• _Problem requirements_
Make an exact copy of the records, dropping all pictures.

====== Data to examine ======

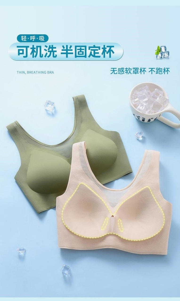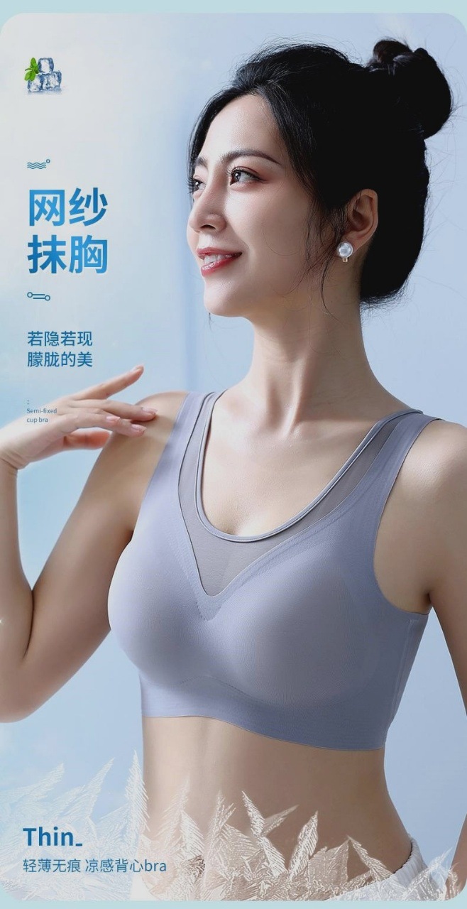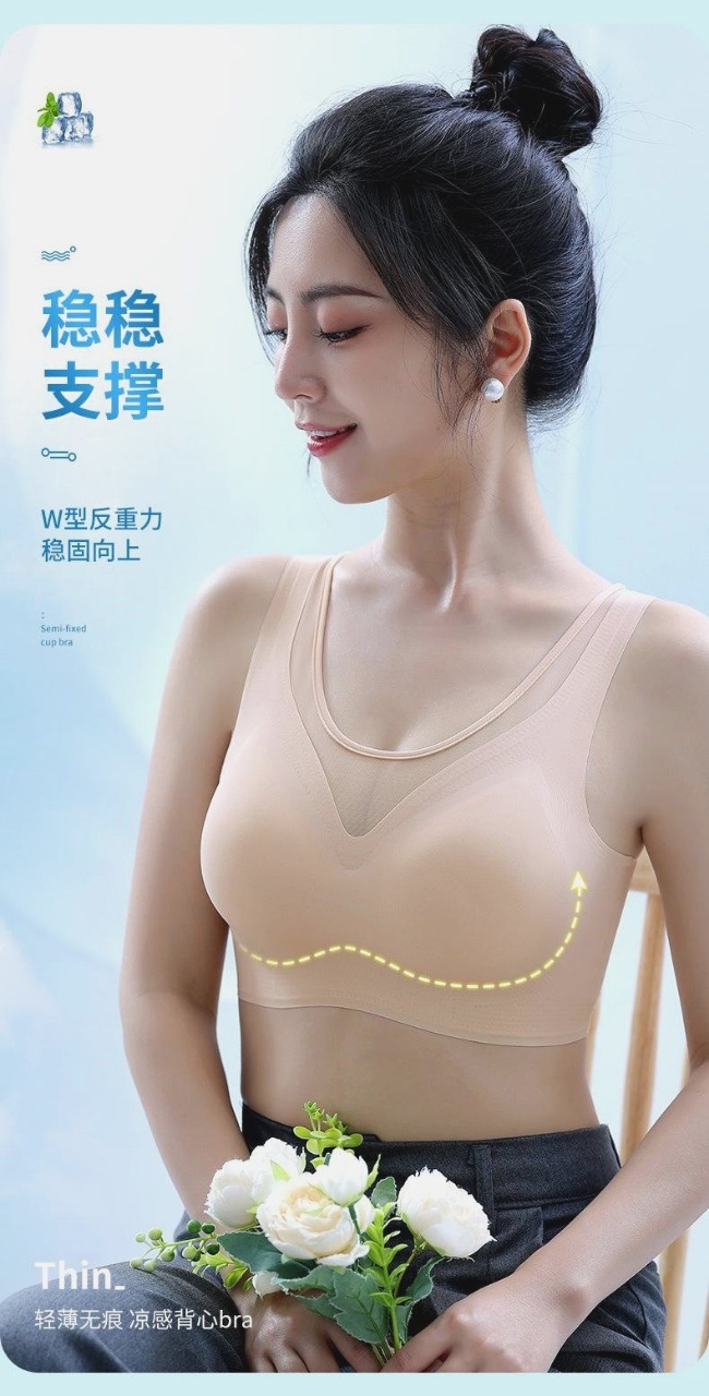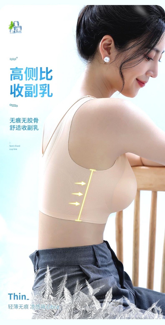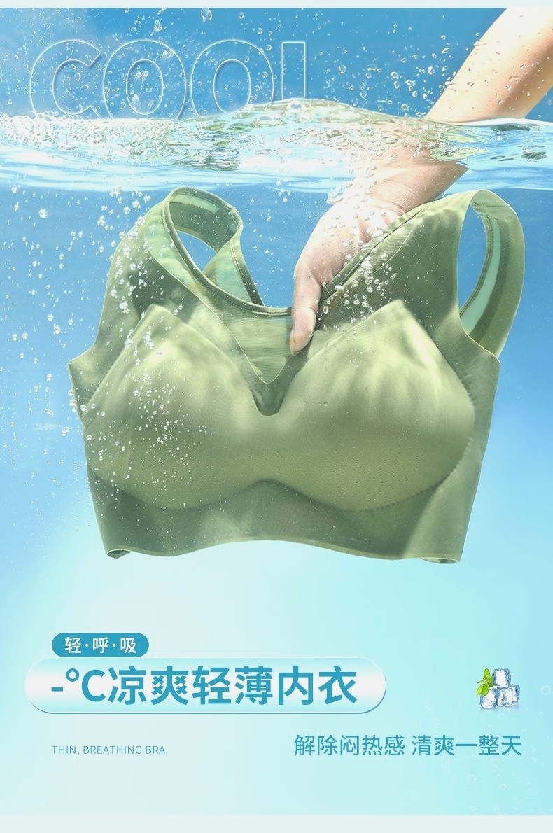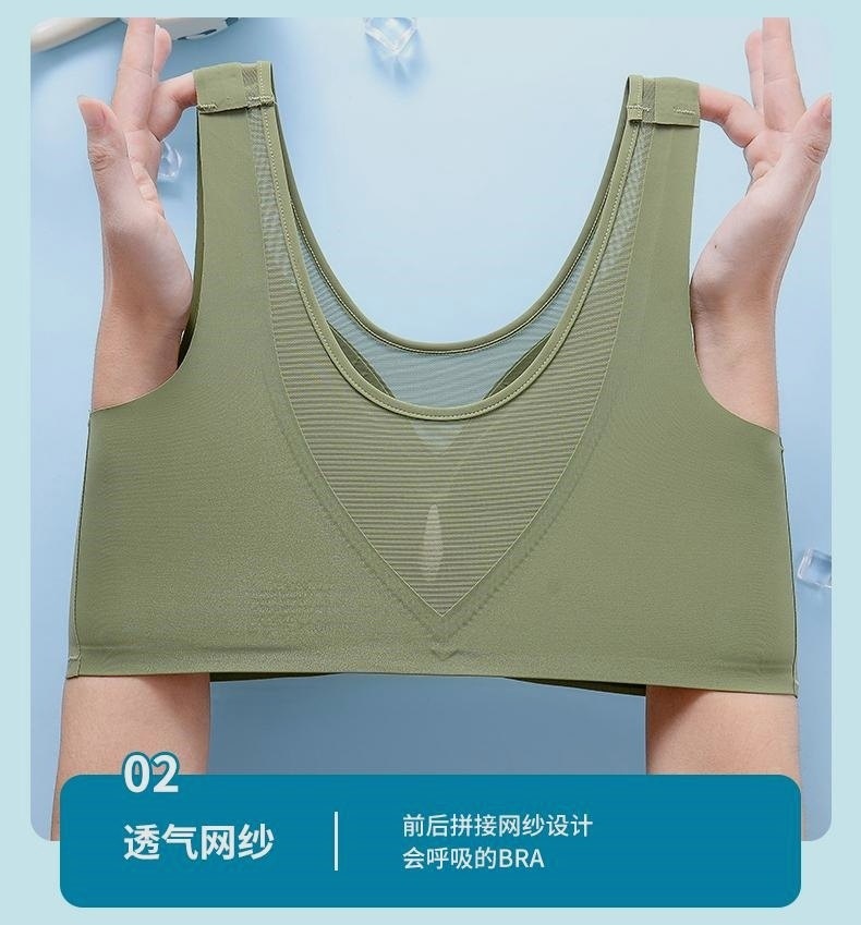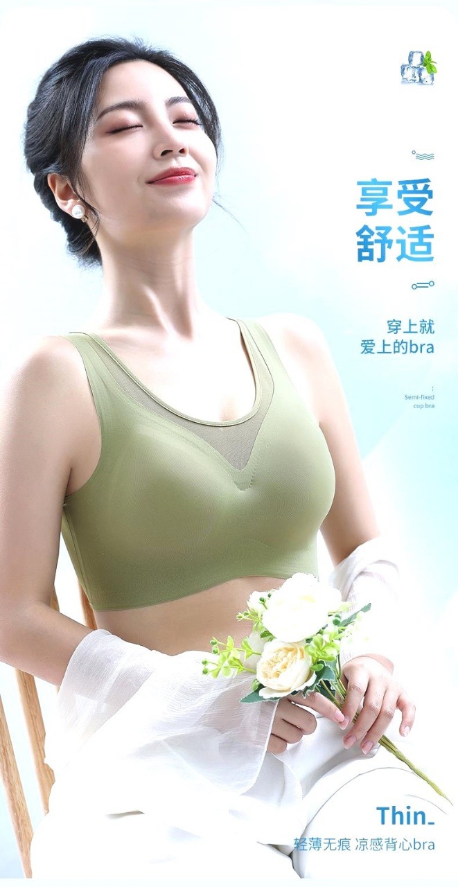 초박형 아이스 실크 추적 속옷 여성용 무테 개더링 팜 안티 처짐 스포츠 백 브라 플러스 사이즈 브라스토어 가기
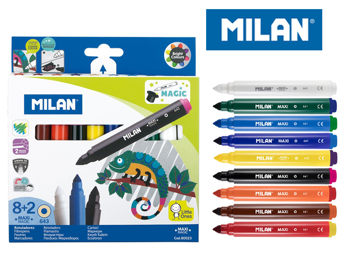 Flamastry MAXI MAGIC. W zestawie 8 kolorów i 2 magiczne mazaki, które w magiczny sposób zmieniają kolor flamastra na kolor skuwki, np. gdy narysujemy coś kolorem czarnym i przeciągniemy po tym białym (magicznym) flamastrem, to kolor w tym miejscu zmieni się na różowy. Flamastry z wytrzymałą i elastyczną stożkową końcówką o średnicy 8 mm, która nie wpada do środka nawet przy silnym nacisku. Po chwilowym odkształceniu końcówka zawsze wraca do pierwotnego kształtu. Pozwala na rysowanie cienkich i grubych linii (od 1 mm do 3,25 cm). Tusz na bazie wody. Żywe, intensywne kolory. Wentylowana skuwka. Flamastry MILAN są zgodne z europejskimi i amerykańskimi normami bezpieczeństwa. Nie zawierają ftalanów, metali ciężkich i innych substancji toksycznych. Są bezpieczne dla dzieci.
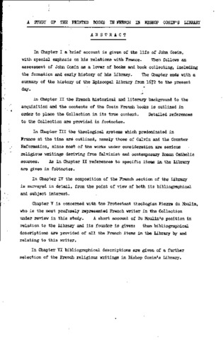 In Chapter I a brief account is given of the life of John Cosin, with special emphasis on his relations with France. Then follows an assessment of John Cosin as a lover of books and book collecting, including the formation and early history of his library. The Chapter ends with a summary of the history of the Episcopal library from 1672 to the present day. In Chapter II the French historical and literary background to the acquisition and the contents of the Cosin French books is outlined in order to place the collection in its true context. Detailed references to the Collection are provided in footnotes. In Chapter III the theological systems which predominated in France at the time are outlined, namely those of Calvin and the Counter Reformation, since most of the works under consideration are serious religious writings deriving from Calvinist and contemporary Roman Catholic sources. As in Chapter II references to specific items in the library are given in footnotes. In Chapter IV the composition of the French section of the library is surveyed in detail, from the point of view of both its bibliographical and subject interest. Chapter V is concerned with the Protestant theologian Pierre du Moulin, who is the most profusely represented French writer in the Collection under review in this study. A short account of Du Moulin’s position in relation to the library and its founder is given: then bibliographical descriptions are provided of all the French items in the library by and relating to this writer. In Chapter VI bibliographical descriptions are given of a further selection of the French religious writings in Bishop Cosin’s Library.
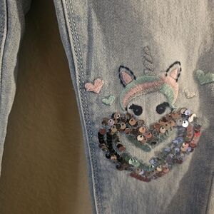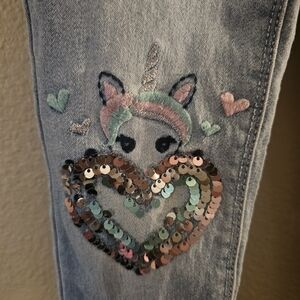 These charming light blue jeans for kids feature a cute sequin heart design, adding a touch of sparkle to any outfit. Perfect for everyday wear, they combine comfort and style effortlessly.
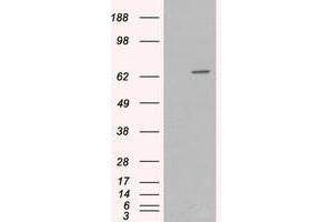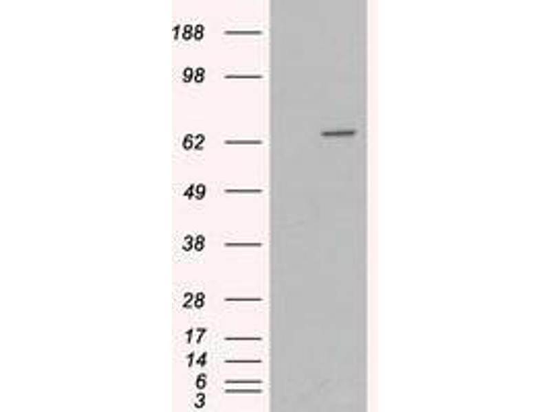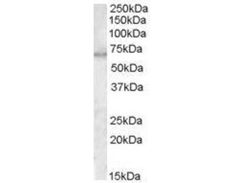 Peptide ELISA: 1/16000. Western blot: 0.3 - 1 μg/mL. Approx 70 kDa band observed in lysates of Human SkeletalMuscle and of cell line HepG2 (calculated MW of 69.0 kDa according to NP_000243.1).
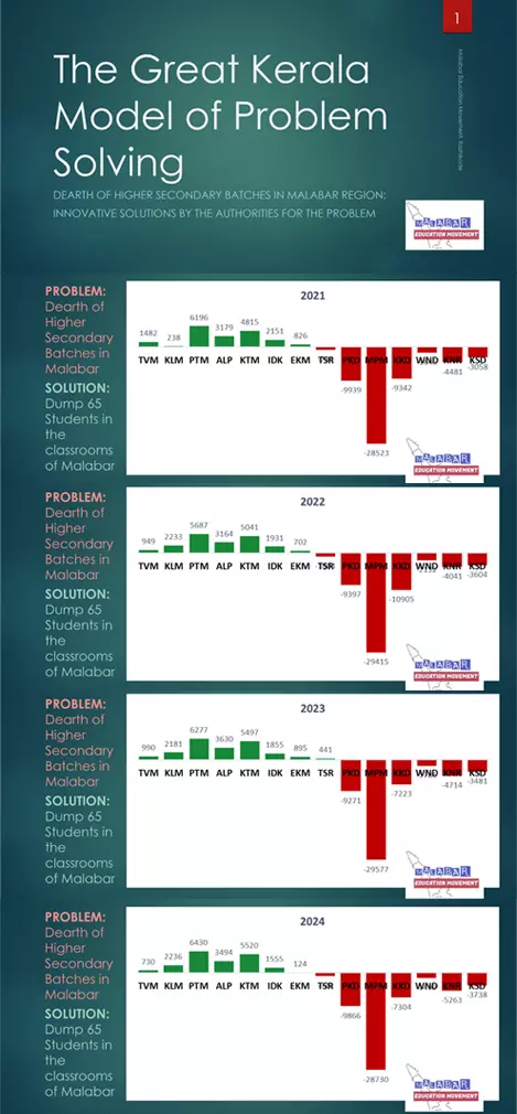2005 നു ശേഷം എസ്.എസ്.എല്.സി വിജയ ശതമാനം മലബാര് ജില്ലകളിലും 80 ശതമാനത്തിനും മുകളില് ആയിത്തുടങ്ങിയതോടെ അരലക്ഷത്തിലേറെ വിദ്യാര്ഥികള് ഓരോ വര്ഷവും ഉപരിപഠനസൗകര്യമില്ലാതെവന്നു. തെക്കന് ജില്ലകളിലാവട്ടെ മുന്വര്ഷത്തിലും കുറവ് വിദ്യാര്ഥികളാണ് തുടര് വര്ഷങ്ങളില് പത്താംക്ലാസ്സ് പൂര്ത്തിയാക്കിയത്. പുതുതലമുറയിലെ ജനസംഖ്യാ മാറ്റത്തെത്തുടര്ന്ന് സ്കൂളില് അഡ്മിഷന് നേടുന്ന കുട്ടികളുടെ എണ്ണത്തില് തന്നെ അവിടെ വലിയ കുറവാണുണ്ടായത്. തെക്കന് ജില്ലകളിലെ ചില സകൂളുകളില് ഒരൊറ്റ കുട്ടിയും അഡ്മിഷനില്ലാതെ പ്ലസ് വണ് ബാച്ചുകള് കാലിയായ നിലയിലേക്ക് വരെ കാര്യങ്ങളെത്തി. ഒരേ വിഷയത്തില് മലബാറില് സീറ്റ് പ്രതിസന്ധി വര്ഷംതോറും വര്ധിച്ചുവന്നപ്പോള് തെക്കന് ജില്ലകളില് വര്ധിച്ചത് കുട്ടികളില്ലാതെ വെറുതെ കിടക്കുന്ന ബാച്ചുകളാണ്. മാറിമാറി വന്ന ഇടത് വലത് ഭരണകൂടങ്ങള് അസന്തുലിതമായ ഈ സീറ്റുവിതരണവും ബാച്ച് സംവിധാനവും പഠിച്ച് ശാസ്ത്രീയമായത് പുനഃസംവിധാനിച്ച് പ്രശ്നം പരിഹരിക്കാന് യാതൊരു ശ്രമവും നടത്തിയതുമില്ല. പ്രശ്നവും പ്രതിസന്ധിയും മലബാറിന്റേതായതിനാല് ഉന്നത ഉദ്യോഗസ്ഥരോ പ്രമുഖ കേരള വിദ്യാഭ്യാസ വിചക്ഷണരോ ഈ ഭാഗത്തേക്ക് വേണ്ടത്ര ശ്രദ്ധിച്ചതുമില്ല. സാമൂഹിക അനീതിക്കൊപ്പം അശാസ്ത്രീയവും അസന്തുലിതവുമായ പ്ലസ് വണ് ബാച്ചുകളുടെ വീതംവെപ്പുമാണ് ഇന്ന് മലബാര് മേഖല അനുഭവിക്കുന്ന ഹയര് സെക്കന്ററി പ്രശ്നങ്ങളുടെ അടിവേര്.
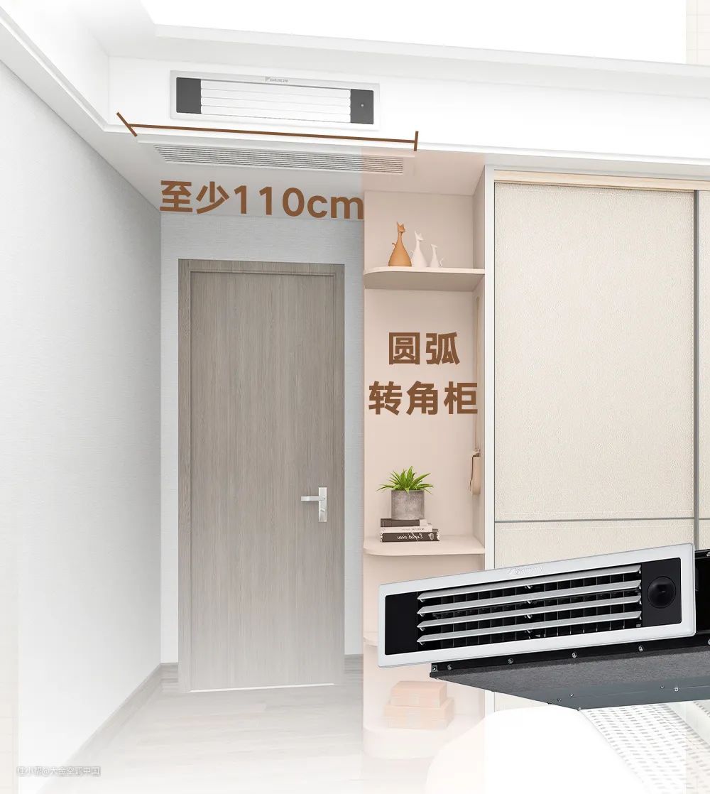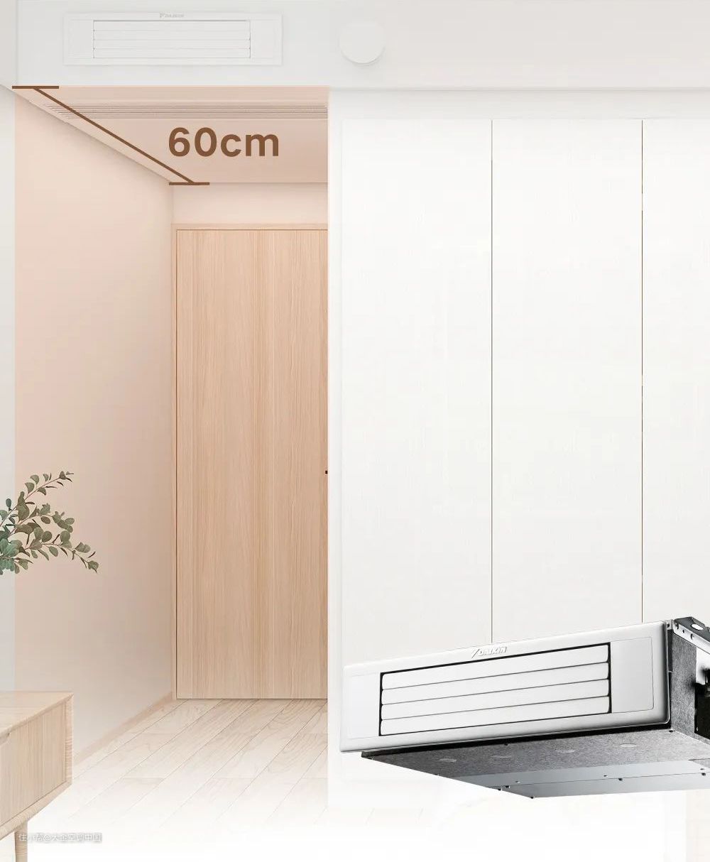 市面上普通衣柜的柜体深度为60厘米(从墙壁到橱门),选择吊顶完成后深度也在60厘米,的中央空调室内机,就可以匹配衣柜深度。

======

• _Completed exercise_
 초박형 아이스 실크 추적 속옷 여성용 무테 개더링 팜 안티 처짐 스포츠 백 브라 플러스 사이즈 브라스토어 가기
 Flamastry MAXI MAGIC. W zestawie 8 kolorów i 2 magiczne mazaki, które w magiczny sposób zmieniają kolor flamastra na kolor skuwki, np. gdy narysujemy coś kolorem czarnym i przeciągniemy po tym białym (magicznym) flamastrem, to kolor w tym miejscu zmieni się na różowy. Flamastry z wytrzymałą i elastyczną stożkową końcówką o średnicy 8 mm, która nie wpada do środka nawet przy silnym nacisku. Po chwilowym odkształceniu końcówka zawsze wraca do pierwotnego kształtu. Pozwala na rysowanie cienkich i grubych linii (od 1 mm do 3,25 cm). Tusz na bazie wody. Żywe, intensywne kolory. Wentylowana skuwka. Flamastry MILAN są zgodne z europejskimi i amerykańskimi normami bezpieczeństwa. Nie zawierają ftalanów, metali ciężkich i innych substancji toksycznych. Są bezpieczne dla dzieci.
 In Chapter I a brief account is given of the life of John Cosin, with special emphasis on his relations with France. Then follows an assessment of John Cosin as a lover of books and book collecting, including the formation and early history of his library. The Chapter ends with a summary of the history of the Episcopal library from 1672 to the present day. In Chapter II the French historical and literary background to the acquisition and the contents of the Cosin French books is outlined in order to place the collection in its true context. Detailed references to the Collection are provided in footnotes. In Chapter III the theological systems which predominated in France at the time are outlined, namely those of Calvin and the Counter Reformation, since most of the works under consideration are serious religious writings deriving from Calvinist and contemporary Roman Catholic sources. As in Chapter II references to specific items in the library are given in footnotes. In Chapter IV the composition of the French section of the library is surveyed in detail, from the point of view of both its bibliographical and subject interest. Chapter V is concerned with the Protestant theologian Pierre du Moulin, who is the most profusely represented French writer in the Collection under review in this study. A short account of Du Moulin’s position in relation to the library and its founder is given: then bibliographical descriptions are provided of all the French items in the library by and relating to this writer. In Chapter VI bibliographical descriptions are given of a further selection of the French religious writings in Bishop Cosin’s Library.
 These charming light blue jeans for kids feature a cute sequin heart design, adding a touch of sparkle to any outfit. Perfect for everyday wear, they combine comfort and style effortlessly.
 Peptide ELISA: 1/16000. Western blot: 0.3 - 1 μg/mL. Approx 70 kDa band observed in lysates of Human SkeletalMuscle and of cell line HepG2 (calculated MW of 69.0 kDa according to NP_000243.1).
2005 നു ശേഷം എസ്.എസ്.എല്.സി വിജയ ശതമാനം മലബാര് ജില്ലകളിലും 80 ശതമാനത്തിനും മുകളില് ആയിത്തുടങ്ങിയതോടെ അരലക്ഷത്തിലേറെ വിദ്യാര്ഥികള് ഓരോ വര്ഷവും ഉപരിപഠനസൗകര്യമില്ലാതെവന്നു. തെക്കന് ജില്ലകളിലാവട്ടെ മുന്വര്ഷത്തിലും കുറവ് വിദ്യാര്ഥികളാണ് തുടര് വര്ഷങ്ങളില് പത്താംക്ലാസ്സ് പൂര്ത്തിയാക്കിയത്. പുതുതലമുറയിലെ ജനസംഖ്യാ മാറ്റത്തെത്തുടര്ന്ന് സ്കൂളില് അഡ്മിഷന് നേടുന്ന കുട്ടികളുടെ എണ്ണത്തില് തന്നെ അവിടെ വലിയ കുറവാണുണ്ടായത്. തെക്കന് ജില്ലകളിലെ ചില സകൂളുകളില് ഒരൊറ്റ കുട്ടിയും അഡ്മിഷനില്ലാതെ പ്ലസ് വണ് ബാച്ചുകള് കാലിയായ നിലയിലേക്ക് വരെ കാര്യങ്ങളെത്തി. ഒരേ വിഷയത്തില് മലബാറില് സീറ്റ് പ്രതിസന്ധി വര്ഷംതോറും വര്ധിച്ചുവന്നപ്പോള് തെക്കന് ജില്ലകളില് വര്ധിച്ചത് കുട്ടികളില്ലാതെ വെറുതെ കിടക്കുന്ന ബാച്ചുകളാണ്. മാറിമാറി വന്ന ഇടത് വലത് ഭരണകൂടങ്ങള് അസന്തുലിതമായ ഈ സീറ്റുവിതരണവും ബാച്ച് സംവിധാനവും പഠിച്ച് ശാസ്ത്രീയമായത് പുനഃസംവിധാനിച്ച് പ്രശ്നം പരിഹരിക്കാന് യാതൊരു ശ്രമവും നടത്തിയതുമില്ല. പ്രശ്നവും പ്രതിസന്ധിയും മലബാറിന്റേതായതിനാല് ഉന്നത ഉദ്യോഗസ്ഥരോ പ്രമുഖ കേരള വിദ്യാഭ്യാസ വിചക്ഷണരോ ഈ ഭാഗത്തേക്ക് വേണ്ടത്ര ശ്രദ്ധിച്ചതുമില്ല. സാമൂഹിക അനീതിക്കൊപ്പം അശാസ്ത്രീയവും അസന്തുലിതവുമായ പ്ലസ് വണ് ബാച്ചുകളുടെ വീതംവെപ്പുമാണ് ഇന്ന് മലബാര് മേഖല അനുഭവിക്കുന്ന ഹയര് സെക്കന്ററി പ്രശ്നങ്ങളുടെ അടിവേര്.
 市面上普通衣柜的柜体深度为60厘米(从墙壁到橱门),选择吊顶完成后深度也在60厘米,的中央空调室内机,就可以匹配衣柜深度。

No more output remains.